WASHINGTON (Reuters) - U.S. Treasury Secretary Henry Paulson said on Wednesday he would work to ensure a smooth transition to his successor after the November presidential election, throwing cold water on hopes that he might stay on crisis control duty.
In an interview on CNBC, Paulson said he was available after the election between Sens. John McCain and Barack Obama to work with "whoever the new treasury secretary is."
"This is going to be a first-rate transition," he added. Some on Wall Street have expressed concern about Paulson leaving in the midst of a credit crisis. Paulson has previously said that he does not intend to stay on as treasury secretary beyond January, when a new administration takes office.

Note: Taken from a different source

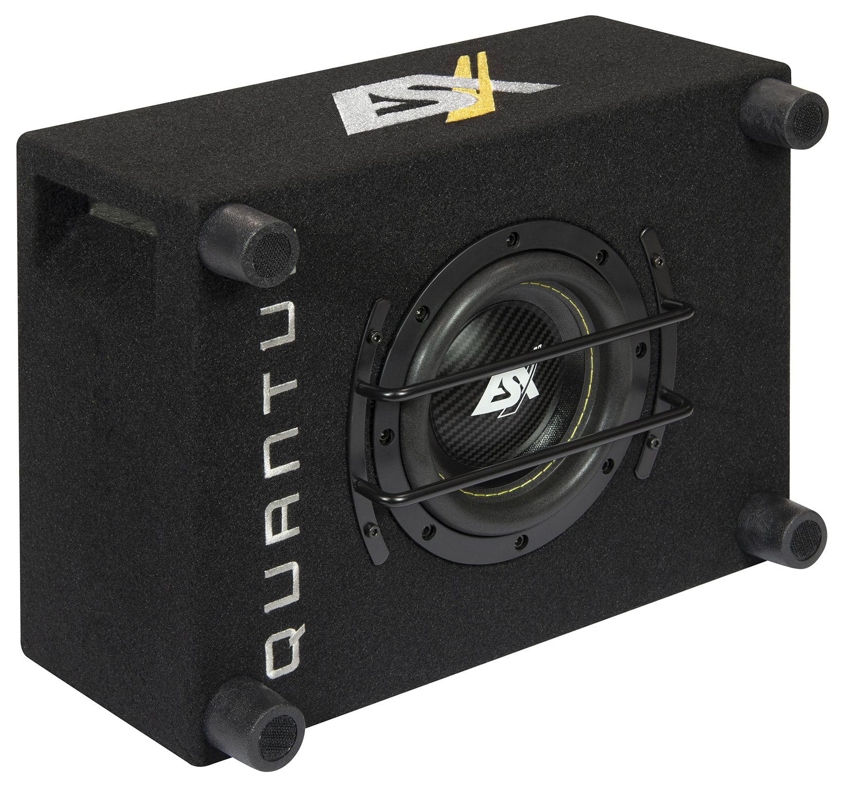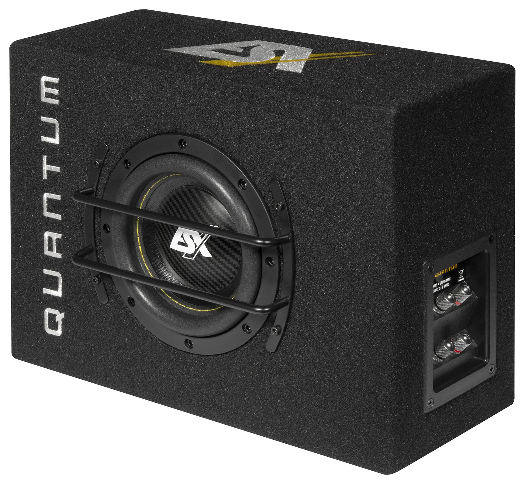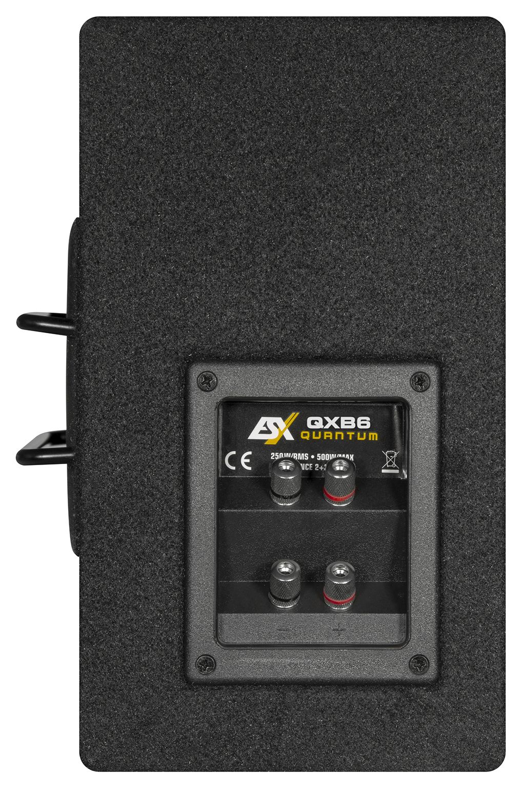 Die QUANTUM QXB Bassreflex-Gehäuse bestechen durch eine sehr kompakte Bauweise. Mit einer Anschluss-Impedanz von jeweils 2+2 Ω kann der Subwoofer auch in 4 Ω oder gar in 1 Ω betrieben werden, um das Maximum aus dem Verstärker herauszuholen. Dank der großen Schwingspulen (50 mm bei QXB6 und 64 mm bei QXB8 und dem neuen QXB10 Modell) sind diese Subwoofer neben dynamischen Basspegeln auch für hohe Leistungen ausgelegt und können mit kräftigeren Amps betrieben werden. Durch die flache Konstruktion finden die neuen QXB Gehäuse in fast jedem Fahrzeug den passenden Platz. Mit einer Gehäusehöhe von nur 16 cm kann die QXB6 Box sogar in einem doppelten Boden des Kofferraums Platz finden oder z.B. hinter dem Sitz. Durch die mitgelieferten Schutzgitter werden in allen Modellen die Tieftöner optimal geschützt. Optional können bei den QXB6 und QXB8 Boxen auch Standfüße montiert werden, die damit als Downfire-Gehäuse einsetzbar sind. Damit kann die obenliegende Seite als Ablagefläche im Kofferraum dienen, während der Subwoofer nach unten "feuert".
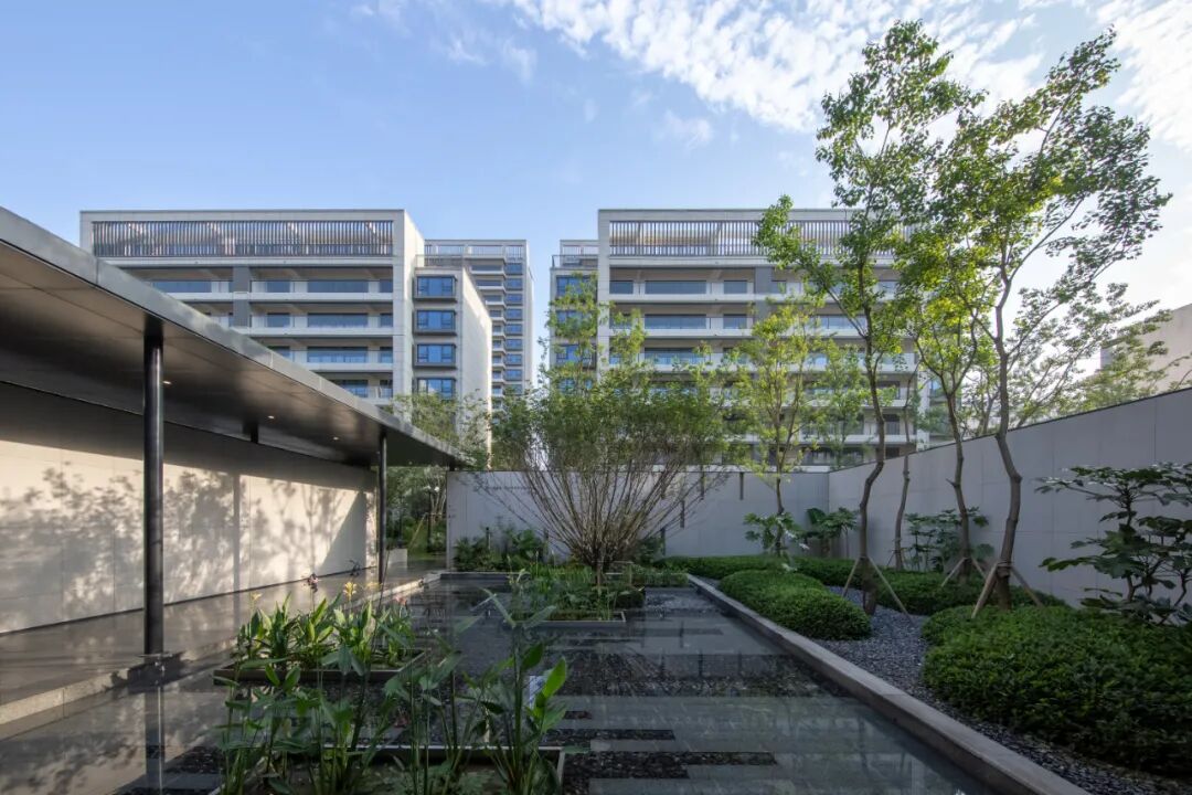 在常州铂悦天宁景观轴线中心偏西的位置有一座静谧花园悄然生长着。将花园作为轴线的焦点,让构筑成为花园里的一个元素,利用规则的构筑边界来突显花园的精致,也让轴线空间富有更多的层次和变化,更好地引导视线落在绿色自然的环境上。

Paulson said the 14-month global credit crisis had taken a heavy toll on the economy, and that was apparent in Wednesday's U.S. retail sales figures. The Commerce Department reported that September sales fell 1.2 percent, the biggest drop in more than three years. That heightened recession worries and contributed to a massive Wall Street sell-off
. Paulson called the sales figures disappointing but "not surprising," and defended the administration's efforts to stem the financial market turmoil. Paulson announced on Tuesday that the government was investing in nine major banks, in the first installment of a $700 billion financial rescue package that was approved earlier this month.
He insisted that the nine banks receiving $125 billion in government cash infusions would put the money to use to help the economy. As banks become more confident and money begins flowing through credit channels, lending will pick up and that will boost the economy, he said. "They're not going to be paying down their own debt.
The regulators understand that and they (the banks) understand that," Paulson said when asked what was to stop firms from simply using the government's money to pay off high-interest loans rather than lending to companies and consumers. The bailout plan was initially pitched to Congress as a fund to buy up bad debts that were weighing down banks' balance sheets and restricting their lending not just to customers but also to each other. That lending freeze has driven up borrowing costs, and the economy has suffered.
Paulson said he still intended to use a portion of the money to buy illiquid assets, but said it was essential to stabilize financial markets first.